Exploration of SARS-CoV-2 mutational and evolutionary landscape using PanMAN vs UShER-MAT [(Image Source)](https://turakhia.ucsd.edu/PPTs/PanMAN-Oxford-2024.pdf)
- UShER-MAT: another MAT tool, cannot represent complex mutations

![](/Users/harperhipps/Documents/GitHub/UBIC-Workshops/phylogenetics/img/PanMAN.jpg)


## Resources at UCSD

#### Online Resources
[Simple phylogenetic tree explanation](https://evolution.berkeley.edu/evolution-101/the-history-of-life-looking-at-the-patterns/understanding-phylogenies/)

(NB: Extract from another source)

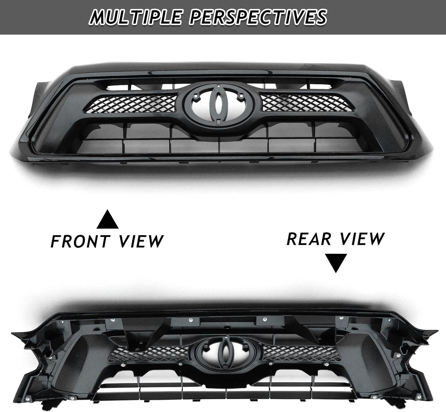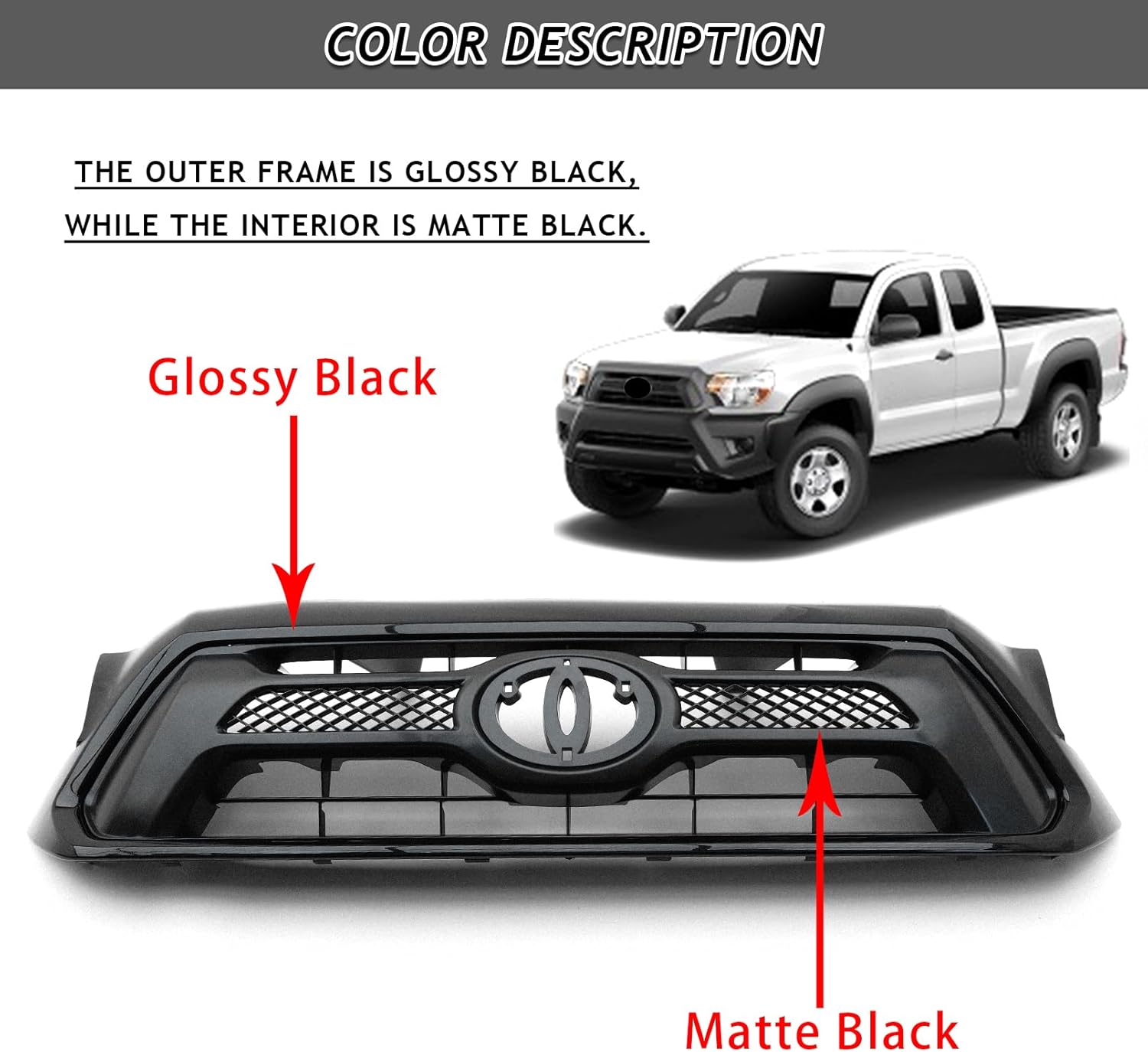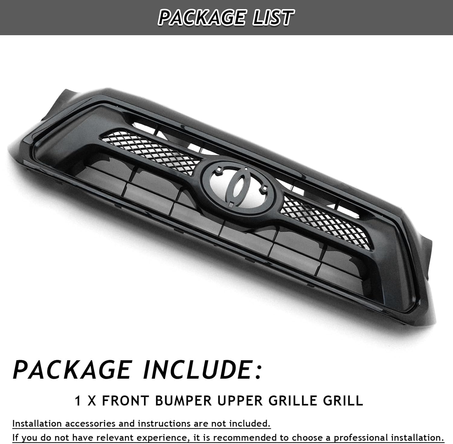 A New Front Grille Bumper Mesh Grill Assembly Fit For 2012 2013 2014 2015 Toyota Tacoma Pickup Truck Helps restore your vehicle to like-new condition. Features: Made of high quality Plasic, good durability, withstand rough road wear and the test of time. Lightweight design can reduce the weight of the car to reduce fuel consumption. Perfectly matched to the original car, the black color scheme adds beauty to your car. Quick and easy to install. Can be installed in a short time without any cutting or drilling, matching the original installation holes perfectly. Specifications: Brand: Bewild Materials: Plastic Package Include: 1 × Front Bumper Upper Grille Assembly Replaces OE Number: 5310004481C0, TO1200352 Range Of Application: Compatible with 2012 2013 2014 2015 Toyota Tacoma Pickup. Thank you for your purchase and support!

[More in-depth explanation of creating trees in python](https://taylor-lindsay.github.io/phylogenetics/?utm_source=chatgpt.com)


#### Labs at UCSD
Turakhia Lab
 - __[Turakhia Lab Website](https://turakhia.ucsd.edu/)__
 - Led by Prof. Yatish Turakhia
 - Affiliated with Electrical and Computer Engineering
 - Develops automated solutions to construct large-scale phylogenies
 - Also studies
    - __Pangenomics__, genetic variation in a species by looking at multiple genomes. Ex. PanMAN (mentioned previously)
    - __Hardware acceleration__, how to improve computing and make it faster
    - __Outbreak analysis__, looking at real-time phylogenies to analyze pandemics



Mirarab Lab
 - __[Mirarab Lab Website](http://eceweb.ucsd.edu/~smirarab/)__
 - Led by Prof. Siavash Mirarab
 - Affiliated with Electrical and Computer Engineering
 - Focuses on reconstructing and utilizing phylogenetic trees
 - Also works in metagenomics (genomics of whole communities of microorganisms), HIV, and Multiple Sequence Alignment, of which they’ve developed 2 new methods
 - Also studies
    - __Metagenomics__, studying whole communities of microorganisms, identifying taxonomic composition (how much of each species)
    - __HIV__, specifically transmission network reconstruction
    - __Multiple Sequence Alignment__, of which they've developed two new methods.